Building Vantage: The Problem I Couldn't Not Solve
There's no common identifier linking hospital data at scale. GPO codes, inconsistent naming, manual CRM entry. Just mountains of data that almost match and never quite do. Here's what I built to fix it.
Across almost every state, you'll find dozens of independent variations of St. Luke's, St. Joseph, Methodist Hospital, St. Mary's, and Mercy Hospital. Nobody warned me that it would become my problem. Now it's the one I'm trying to solve.
That project is Vantage. Here's where it started and where it is now.
The problem
When I joined Chemence, I needed a total addressable market. We had a hospital data platform tracking facilities nationwide. We had HubSpot with our current customers. We had GPO rosters and distributor data. All I wanted was to combine them: here are the facilities we can sell to, here are the ones we already do, here's the gap.
The problem is that there's no common identifier linking it all together. GPOs use their own codes. Health systems name the same facility differently across sources. CRM records show whatever someone typed during onboarding. No standard. No universal facility ID. Just mountains of data that almost match and never quite do.
That's not a data problem. That's an infrastructure problem. Those are the kind I can't leave alone.
What I built first
Not a dashboard. Not a map. A matching engine.
Street address. Zip code. Website domain. Phone number. You take every data point that could identify a facility and build logic around it. Three of four matching signals probably mean it's the same place. Score the confidence, flag the uncertain ones for human review, and let the clear matches run.
The first version runs entirely locally. Python, fuzzy matching logic, no external API calls. Fast, private, works offline.
The first time the localhost loaded and actually showed me what I'd built, I sat there for a minute. I knew I'd written the code. But seeing it render in a browser for the first time was something else. That was the moment it stopped being a theory.
For the hard cases, I added LLM support. The AI handles ambiguous matches. The rules handle the volume. A human reviews anything the system isn't confident about before it gets accepted.
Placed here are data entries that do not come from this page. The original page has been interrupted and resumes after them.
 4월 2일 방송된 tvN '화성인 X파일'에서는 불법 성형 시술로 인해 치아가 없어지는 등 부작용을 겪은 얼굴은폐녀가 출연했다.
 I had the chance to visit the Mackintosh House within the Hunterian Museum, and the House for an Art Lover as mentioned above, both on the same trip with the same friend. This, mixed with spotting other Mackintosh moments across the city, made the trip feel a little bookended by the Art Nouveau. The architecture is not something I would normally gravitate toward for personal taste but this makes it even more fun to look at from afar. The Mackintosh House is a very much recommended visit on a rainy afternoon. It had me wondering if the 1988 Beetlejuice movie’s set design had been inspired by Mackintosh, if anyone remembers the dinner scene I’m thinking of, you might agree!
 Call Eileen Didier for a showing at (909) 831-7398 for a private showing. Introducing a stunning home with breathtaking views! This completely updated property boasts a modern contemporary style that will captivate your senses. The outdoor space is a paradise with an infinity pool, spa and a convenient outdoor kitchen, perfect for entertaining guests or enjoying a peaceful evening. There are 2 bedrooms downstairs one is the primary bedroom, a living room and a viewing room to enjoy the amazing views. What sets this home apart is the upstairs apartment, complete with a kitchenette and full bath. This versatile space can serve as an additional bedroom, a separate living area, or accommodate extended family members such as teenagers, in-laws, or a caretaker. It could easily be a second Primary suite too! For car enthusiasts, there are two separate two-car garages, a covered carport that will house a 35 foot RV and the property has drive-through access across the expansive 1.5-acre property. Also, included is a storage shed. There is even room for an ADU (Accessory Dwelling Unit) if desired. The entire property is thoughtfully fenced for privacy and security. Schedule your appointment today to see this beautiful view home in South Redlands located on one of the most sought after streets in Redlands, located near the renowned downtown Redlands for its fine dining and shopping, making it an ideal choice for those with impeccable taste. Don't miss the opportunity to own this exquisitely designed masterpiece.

And then the naming problem. Eight or nine facilities with the address "1 Medical Way" in the same state, each with a different ZIP code. The matching problem isn't just messy data. It's that American healthcare facilities genuinely have nearly identical names and addresses at scale. Solvable. Takes longer than you think to solve it properly.
What it looks like when it works
Take a major regional health system with 200 facilities under one parent organization.
Most reps don't know which of those 200 are customers. They don't know which ones fall under the same corporate contract. They're planning their week with incomplete information and hoping for the best.
Vantage changes that. Open the platform, and that health system is one record with all 200 children attached. Fifty are customers. One hundred fifty aren't. Here's what each non-customer facility could plausibly spend based on procedure volume. Here are the three highest-priority targets. Here's where they are on the map.
The map is the part I care most about. A rep planning a field day can see every customer and prospect pinned to an actual address. Filter by proximity. Find a prospect worth stopping in on. That hour stops disappearing.
Visibility and control. That's the whole point.
What building this has taught me
I came into this project new to app development and barely familiar with LLMs. I knew the problem. I had a rough solution in my head. Everything between those two points I figured out by hitting walls.
Database architecture. API integration. Frontend development. UX. Deployment. None of it was in my background. All of it is now.
Every wall forces understanding you wouldn't get any other way. That's the real value of a project like this. Not the product. What you have to become to build it.
Where it's going
Vantage is not finished. It's a working system built by one person in their spare time, and it shows in places.
The next step is a small open beta with a few healthcare companies willing to work through the rough edges with real data. If you're in healthcare sales and this problem sounds familiar, get in touch.
After the beta, we tackle more problems and figure out more solutions. That's not a plan. It's just who I am. I can't see something broken and walk past it. I have never been able to.